COPY --from=builder /workspace/.build/release/CrashingCluster /


ENTRYPOINT ["./CrashingCluster"]

This reproduction, along with the Dockerfile, can be found in this repo, if it helps.

Any thoughts as to the cause of this?

I'd appreciate any help!

cc @ktoso

Thanks for reporting Iโ€™ll have a look trying to reproduce.

Best place to report crashes is the GitHub repo: GitHub - apple/swift-distributed-actors: Peer-to-peer cluster implementation for Swift Distributed Actors -- would you mind filing an issue there as well so we can track it properly?

I'm going to dive deeper into this (though reporting on github would definitely help so we don't lose this).

I have noticed through a suspicious combination of both asan + static-stdlib + linux here though... We have seen various false positives on linux with such combinations -- and the 5.9 release without the static-stdlib does not reproduce the crash (though does report 2 leaks which I'd like to look into still). Might I ask checking if your system seems to run okey without static-stdlib and the sanitizer for the time being?

Thanks for the reproducer, those help a lot.

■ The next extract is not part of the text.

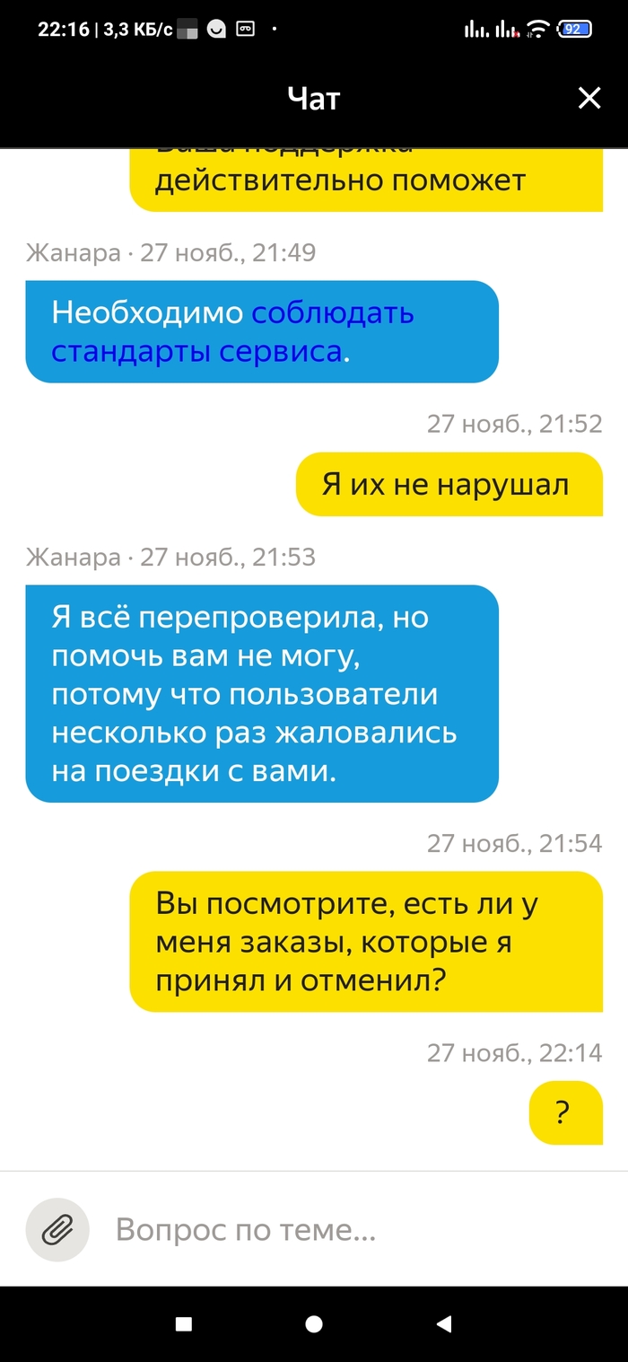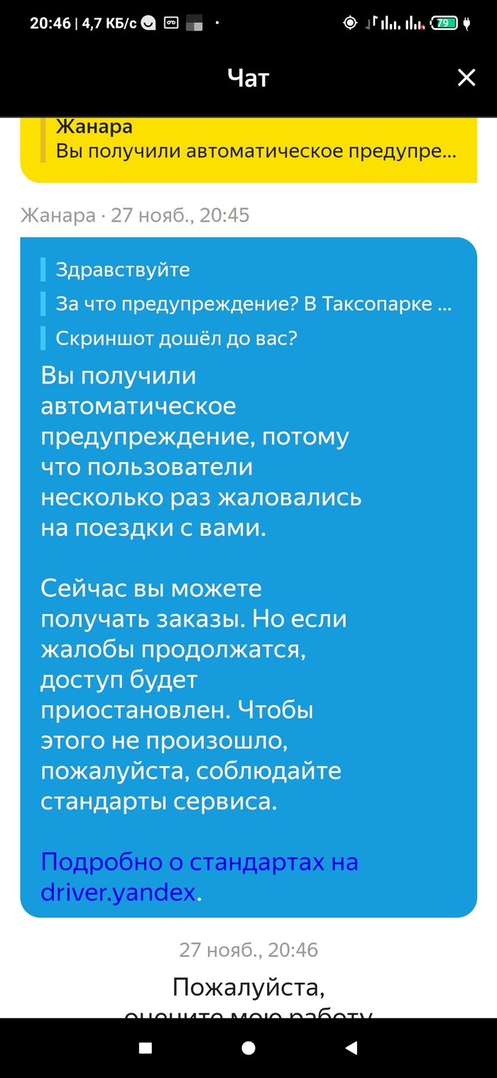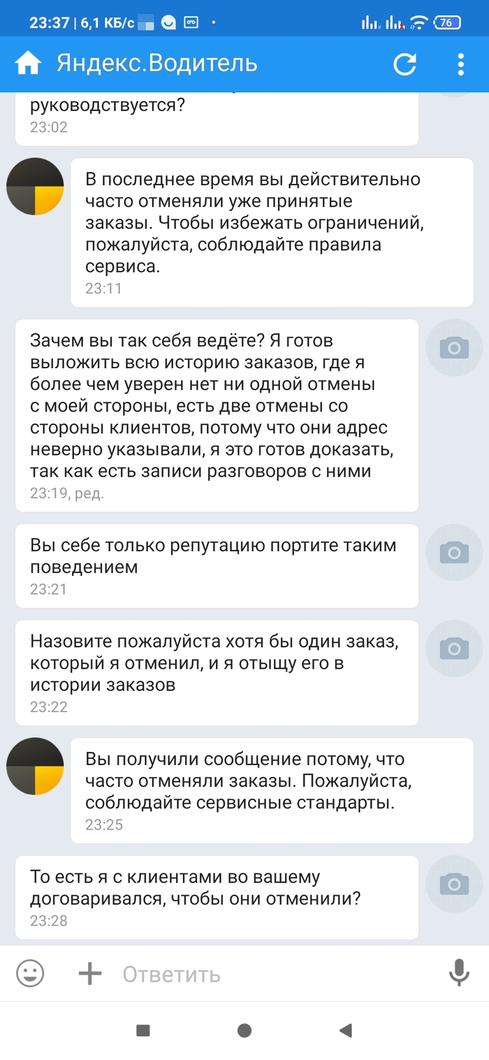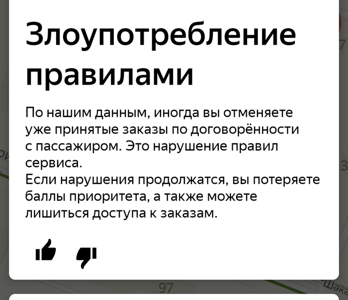 Что я якобы отменяю принятые заказы и беру оплату сразу себе в карман. Это наверное было бы очень глупо с моей стороны, потому что комиссия в нашем небольшом городке 1%. Позвонил в свой Таксопарк, узнать в чем причина, учитывая что за все время, что я таксовал, я отменял заказ всего один раз, причём полгода назад, когда после 10 минут клиент так и не вышел. В саппорте ничего внятного мне не объяснили. Потом до меня дошло, вчера был заказ, доставка от двери до двери с смс подтверждением, я его принял, приехал в пункт выдачи, а там на меня косо посмотрели и сказали что я уже четвёртый по счету курьер за весь день, который приехал за этим товаром, и товар уже давно отвезли клиенту. Заказ отменять отказались, якобы их вины нет, это Яндекс заглючил, дабы не терять активность, я тоже не стал его отменять и позвонил в поддержку, где мне сказали что никакой компенсации не будет, но я могу отменить заказ через 10 минут и если со стороны магазина будет ещё раз что-то подобное, то их заблокируют. Разговаривал по громкой связи, менеджер услышал про возможную блокировку сразу отменил заказ и мне на счёт упала гарантированная оплата. Однако сегодня утром пришло это самое предупреждение. Решил написать напрямую в тех поддержку Яндекса

Of course! Just filed it :slight_smile:

For sure, I hope the reproducer is useful!

Yeah, it seems like it works without the static-stdlib. For example when I run utilizing bind mounts to my filesystem via

docker run -v "$PWD:/code" -w /code swift:latest swift run -c release

both my original application, as well as the reproducer, appear to work.

I'll make a note of this in the Github issue, as well.

Thanks for the quick reply!

1 Like

Thanks, that's good to hear -- we have some reason to believe this is an effect of static stdlib being broken with swift concurrency...

And the fix probably is [5.8] IRGen: Don't directly call async functions that have weak/linkonce_odr linkage by aschwaighofer ยท Pull Request #65254 ยท apple/swift ยท GitHub which is in 5.9 but wasn't in 5.8 which would explain why it does not happen in the nightly 5.9 container.